## What you have to do
Reproduced exactly, the lines from the start of the material through the line containing "優寶購物《ubao.Tw》特貨品商城,黑貓宅配,取貨付款,[ ohya梨花 ]" should be the whole answer, with pictures excluded.

## Provided information
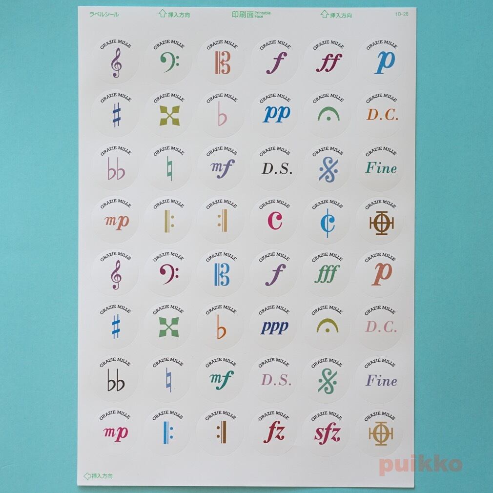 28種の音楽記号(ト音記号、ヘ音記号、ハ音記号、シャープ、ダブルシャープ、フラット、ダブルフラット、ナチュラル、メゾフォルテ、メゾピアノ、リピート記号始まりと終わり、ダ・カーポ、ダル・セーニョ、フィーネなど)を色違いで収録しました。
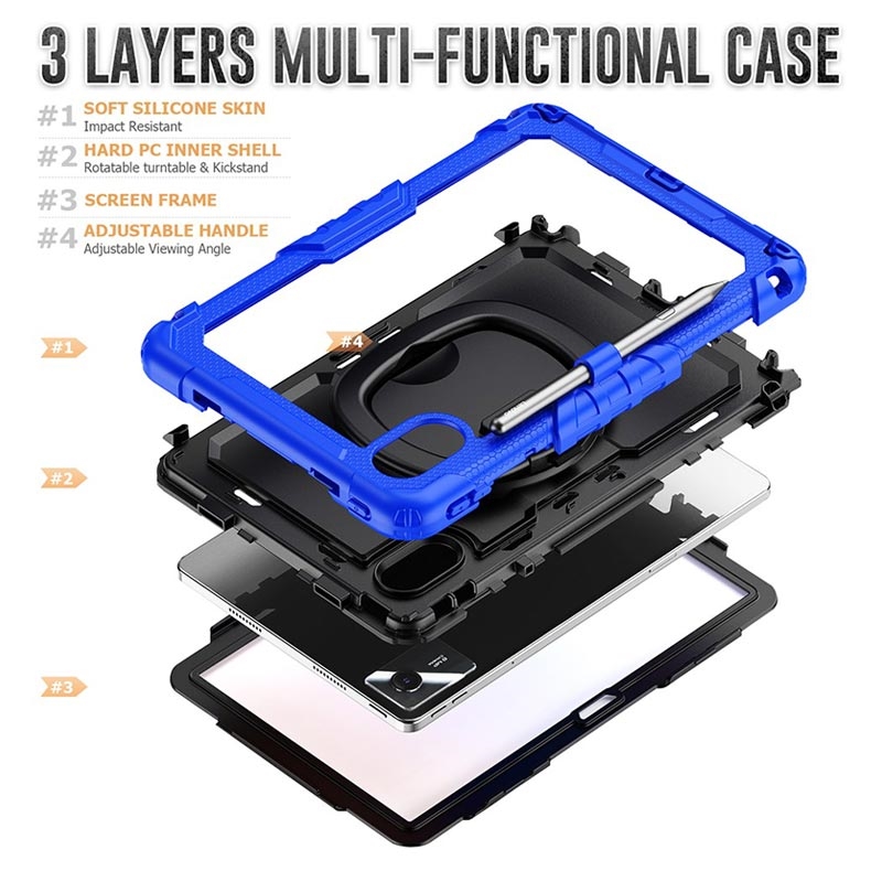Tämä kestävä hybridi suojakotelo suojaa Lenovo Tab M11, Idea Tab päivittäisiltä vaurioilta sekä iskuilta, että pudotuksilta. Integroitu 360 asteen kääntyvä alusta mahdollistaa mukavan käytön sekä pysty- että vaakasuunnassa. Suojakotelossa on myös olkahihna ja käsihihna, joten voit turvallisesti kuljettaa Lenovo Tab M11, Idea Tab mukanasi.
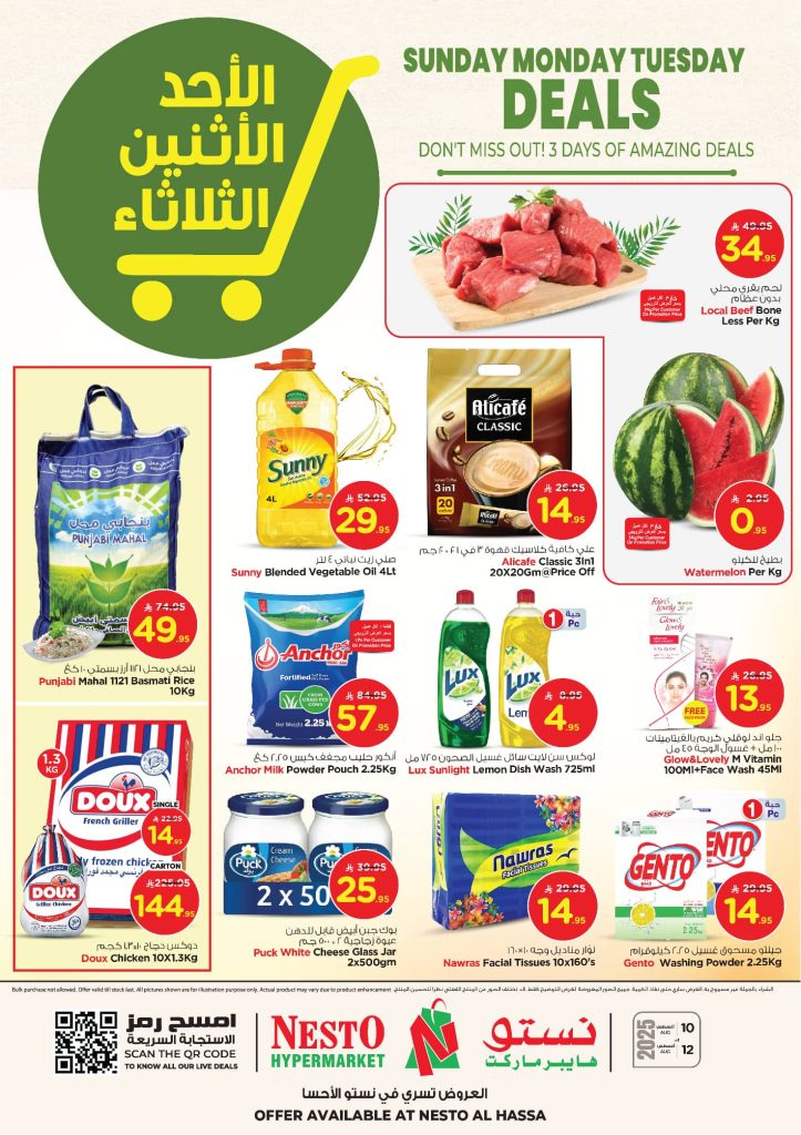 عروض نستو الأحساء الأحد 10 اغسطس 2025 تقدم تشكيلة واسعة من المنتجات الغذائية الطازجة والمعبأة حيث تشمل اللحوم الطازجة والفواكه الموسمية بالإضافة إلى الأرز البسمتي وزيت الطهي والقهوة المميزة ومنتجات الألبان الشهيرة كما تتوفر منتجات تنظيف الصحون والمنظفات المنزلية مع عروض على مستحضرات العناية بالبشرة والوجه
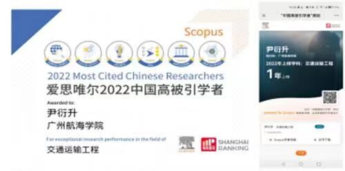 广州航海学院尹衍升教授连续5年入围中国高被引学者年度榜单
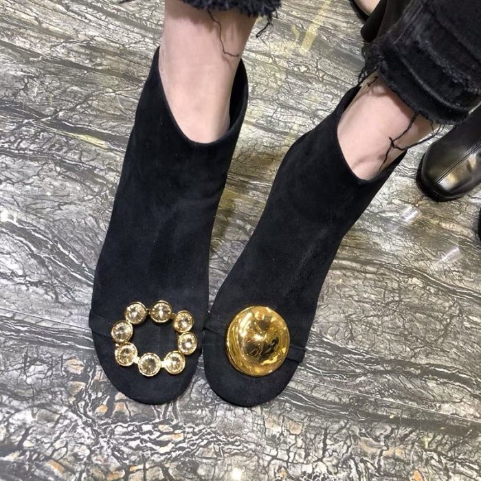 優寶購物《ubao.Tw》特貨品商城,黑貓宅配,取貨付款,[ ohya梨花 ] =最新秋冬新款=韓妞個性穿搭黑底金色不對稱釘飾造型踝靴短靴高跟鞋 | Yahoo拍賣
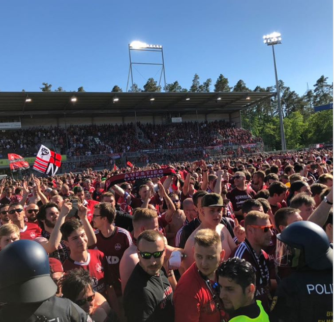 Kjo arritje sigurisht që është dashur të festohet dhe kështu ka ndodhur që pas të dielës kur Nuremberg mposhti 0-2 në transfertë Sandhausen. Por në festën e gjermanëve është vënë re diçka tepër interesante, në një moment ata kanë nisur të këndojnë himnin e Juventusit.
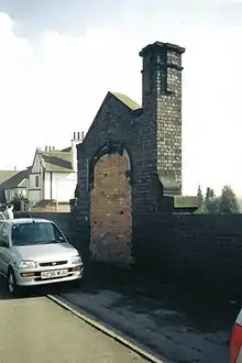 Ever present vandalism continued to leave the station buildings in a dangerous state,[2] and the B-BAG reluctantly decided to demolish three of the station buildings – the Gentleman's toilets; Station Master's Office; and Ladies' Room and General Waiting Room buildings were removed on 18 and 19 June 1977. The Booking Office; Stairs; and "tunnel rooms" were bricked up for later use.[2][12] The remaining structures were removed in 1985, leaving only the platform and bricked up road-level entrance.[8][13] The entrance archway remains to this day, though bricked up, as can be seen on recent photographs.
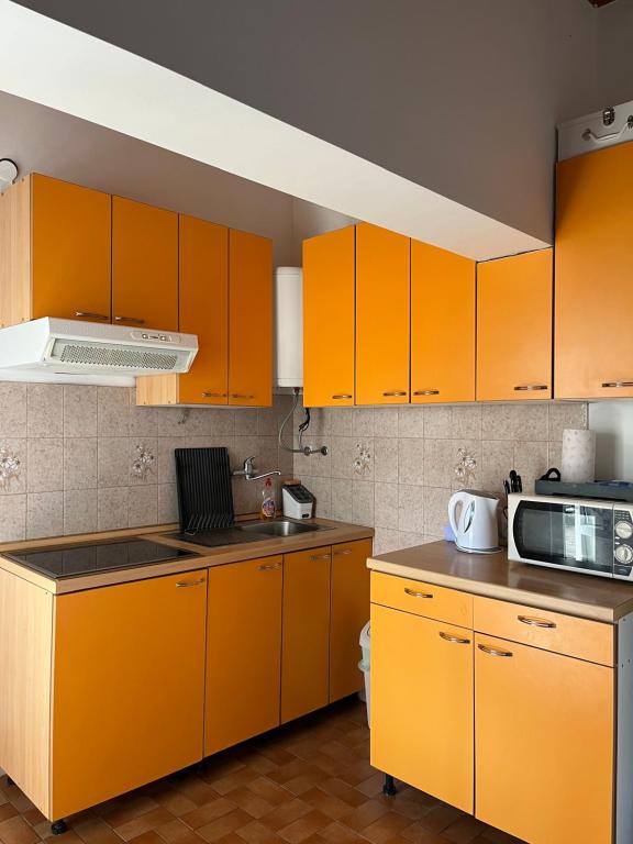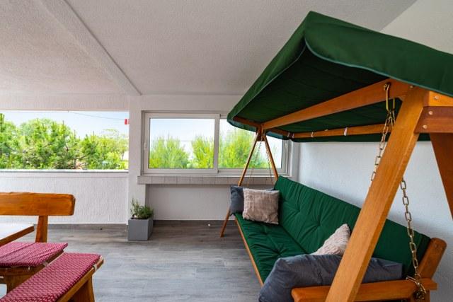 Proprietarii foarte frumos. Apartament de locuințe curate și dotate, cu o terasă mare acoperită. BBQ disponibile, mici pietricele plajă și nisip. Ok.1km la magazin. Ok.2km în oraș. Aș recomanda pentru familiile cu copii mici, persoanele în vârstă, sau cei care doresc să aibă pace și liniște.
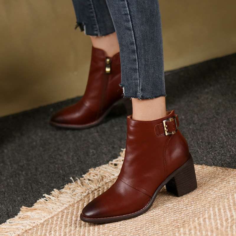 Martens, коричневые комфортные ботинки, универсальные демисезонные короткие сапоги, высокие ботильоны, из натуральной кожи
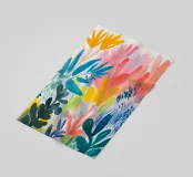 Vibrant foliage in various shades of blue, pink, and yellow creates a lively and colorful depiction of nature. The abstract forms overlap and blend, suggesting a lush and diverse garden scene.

## Task solution
 28種の音楽記号(ト音記号、ヘ音記号、ハ音記号、シャープ、ダブルシャープ、フラット、ダブルフラット、ナチュラル、メゾフォルテ、メゾピアノ、リピート記号始まりと終わり、ダ・カーポ、ダル・セーニョ、フィーネなど)を色違いで収録しました。
Tämä kestävä hybridi suojakotelo suojaa Lenovo Tab M11, Idea Tab päivittäisiltä vaurioilta sekä iskuilta, että pudotuksilta. Integroitu 360 asteen kääntyvä alusta mahdollistaa mukavan käytön sekä pysty- että vaakasuunnassa. Suojakotelossa on myös olkahihna ja käsihihna, joten voit turvallisesti kuljettaa Lenovo Tab M11, Idea Tab mukanasi.
 عروض نستو الأحساء الأحد 10 اغسطس 2025 تقدم تشكيلة واسعة من المنتجات الغذائية الطازجة والمعبأة حيث تشمل اللحوم الطازجة والفواكه الموسمية بالإضافة إلى الأرز البسمتي وزيت الطهي والقهوة المميزة ومنتجات الألبان الشهيرة كما تتوفر منتجات تنظيف الصحون والمنظفات المنزلية مع عروض على مستحضرات العناية بالبشرة والوجه
 广州航海学院尹衍升教授连续5年入围中国高被引学者年度榜单
 優寶購物《ubao.Tw》特貨品商城,黑貓宅配,取貨付款,[ ohya梨花 ] =最新秋冬新款=韓妞個性穿搭黑底金色不對稱釘飾造型踝靴短靴高跟鞋 | Yahoo拍賣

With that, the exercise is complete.